What to work on — Each line of the listing that includes "with" should be reported.

[Raw data Boundary: Start]

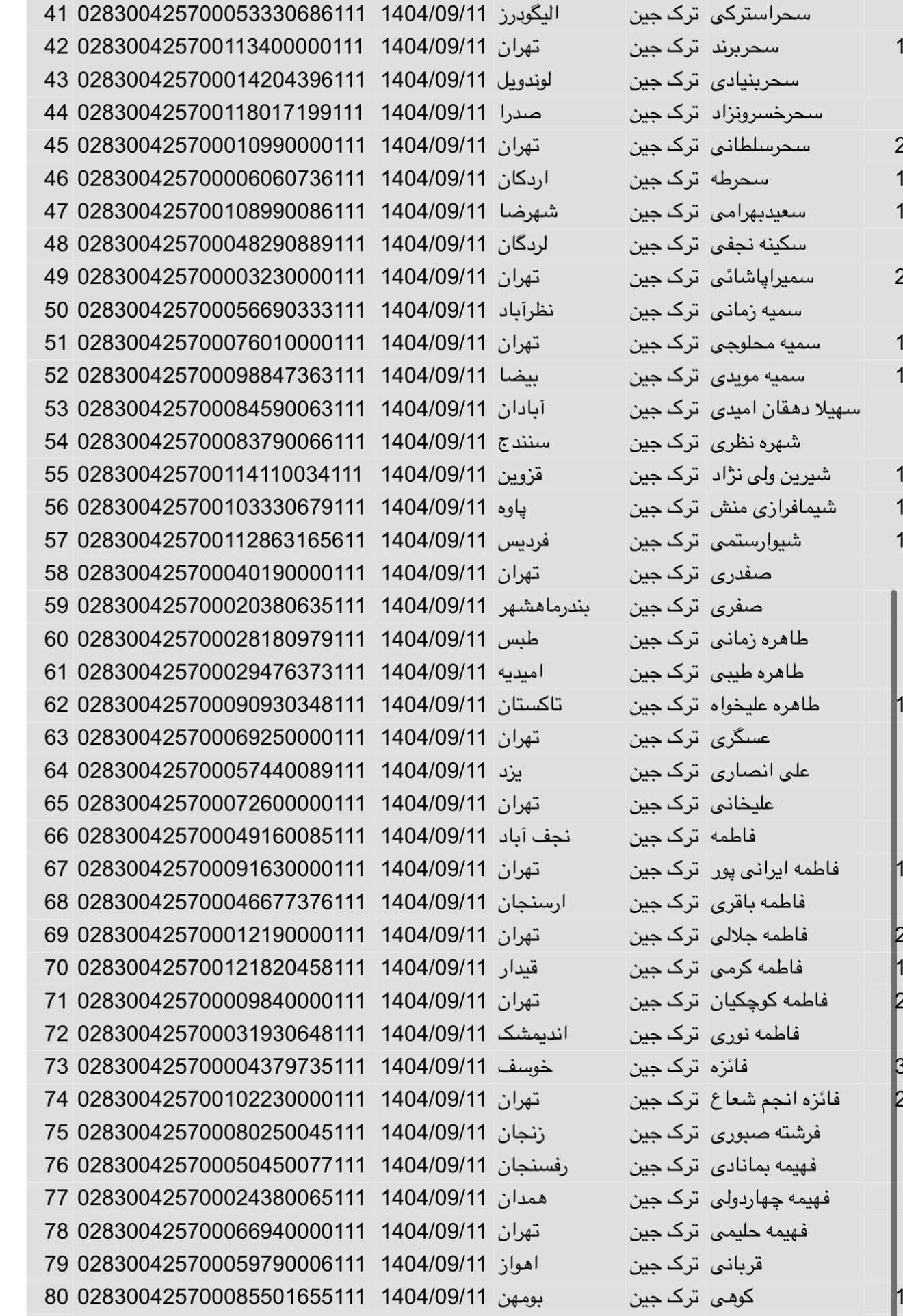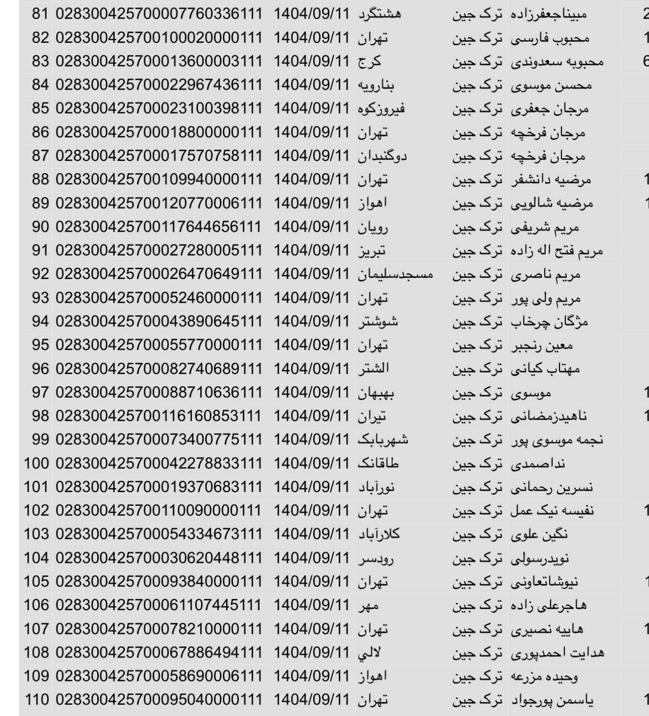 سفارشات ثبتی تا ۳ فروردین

[Raw data Boundary: End]
[Raw data Boundary: Start]

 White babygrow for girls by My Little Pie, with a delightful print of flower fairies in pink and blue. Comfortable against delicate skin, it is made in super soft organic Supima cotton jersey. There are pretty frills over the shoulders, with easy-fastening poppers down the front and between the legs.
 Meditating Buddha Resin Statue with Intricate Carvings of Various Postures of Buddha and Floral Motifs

[Raw data Boundary: End]
[Raw data Boundary: Start]

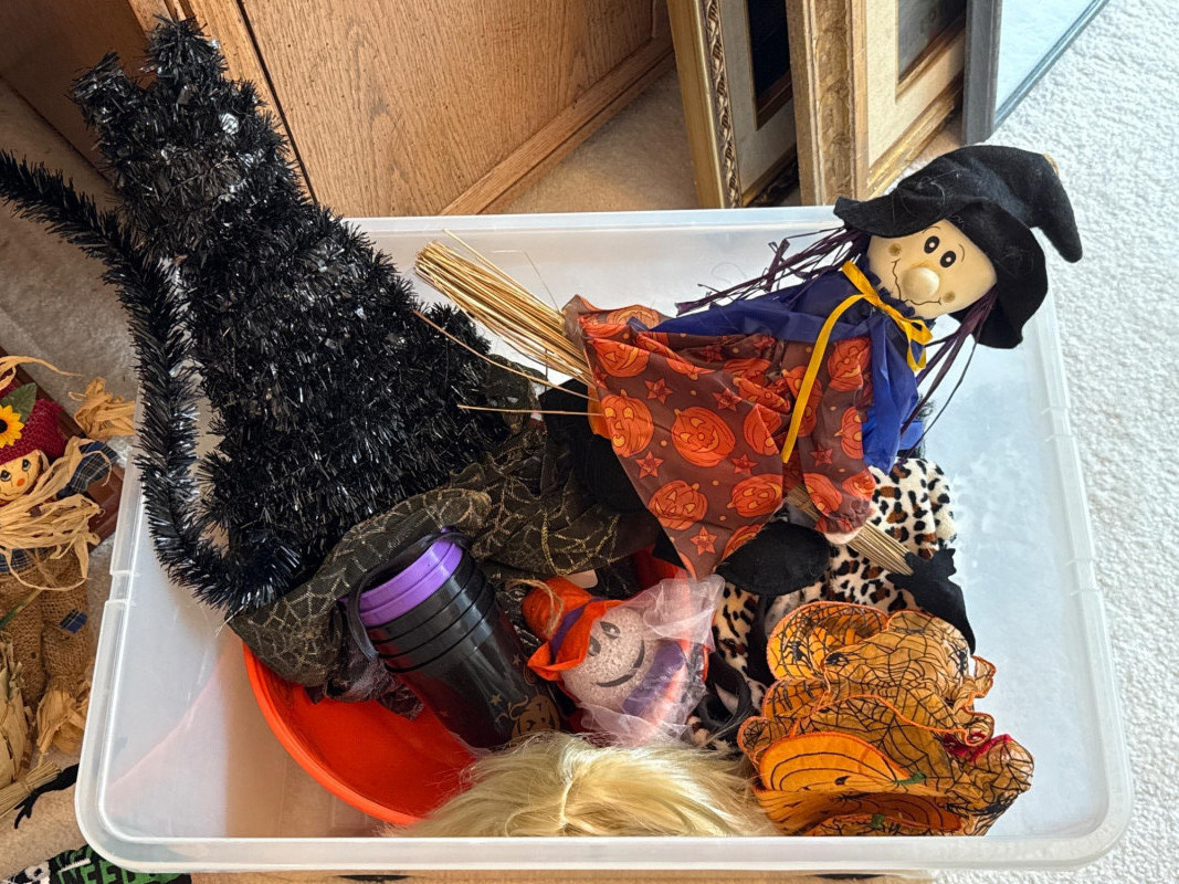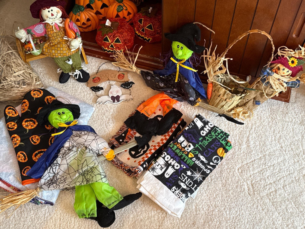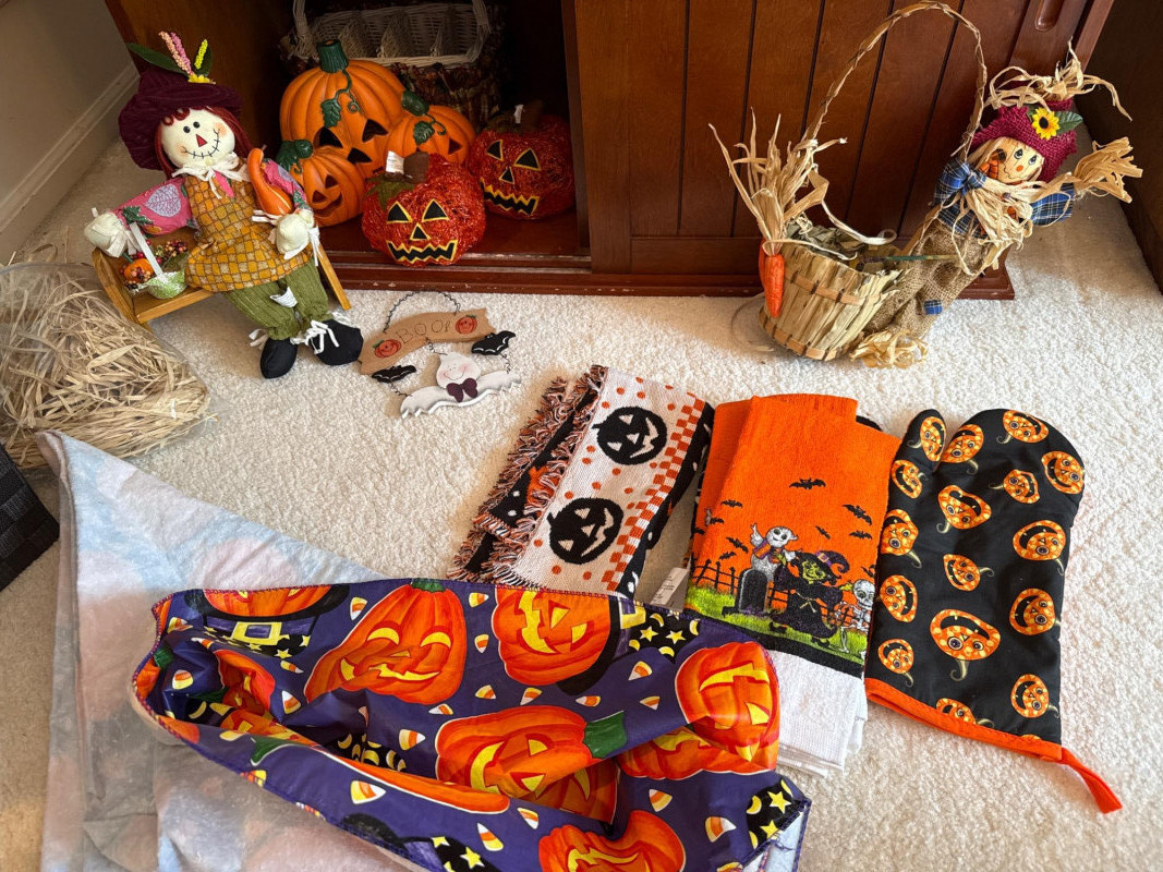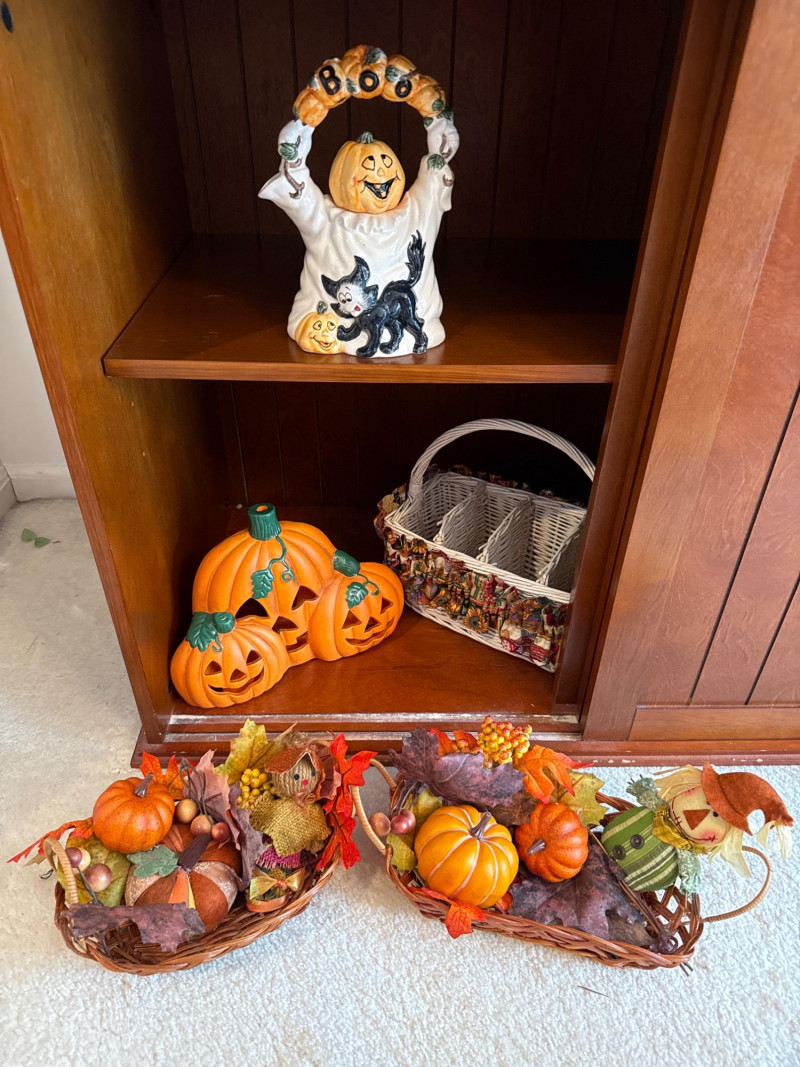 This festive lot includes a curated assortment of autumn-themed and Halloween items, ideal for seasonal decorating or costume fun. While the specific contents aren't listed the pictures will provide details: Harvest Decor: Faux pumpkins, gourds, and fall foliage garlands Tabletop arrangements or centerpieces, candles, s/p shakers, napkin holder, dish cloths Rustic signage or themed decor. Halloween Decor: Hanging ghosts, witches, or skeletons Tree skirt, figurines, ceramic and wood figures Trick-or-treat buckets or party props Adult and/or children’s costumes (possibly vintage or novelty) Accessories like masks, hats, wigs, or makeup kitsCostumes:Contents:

[Raw data Boundary: End]

Result of the task —
 White babygrow for girls by My Little Pie, with a delightful print of flower fairies in pink and blue. Comfortable against delicate skin, it is made in super soft organic Supima cotton jersey. There are pretty frills over the shoulders, with easy-fastening poppers down the front and between the legs.
 Meditating Buddha Resin Statue with Intricate Carvings of Various Postures of Buddha and Floral Motifs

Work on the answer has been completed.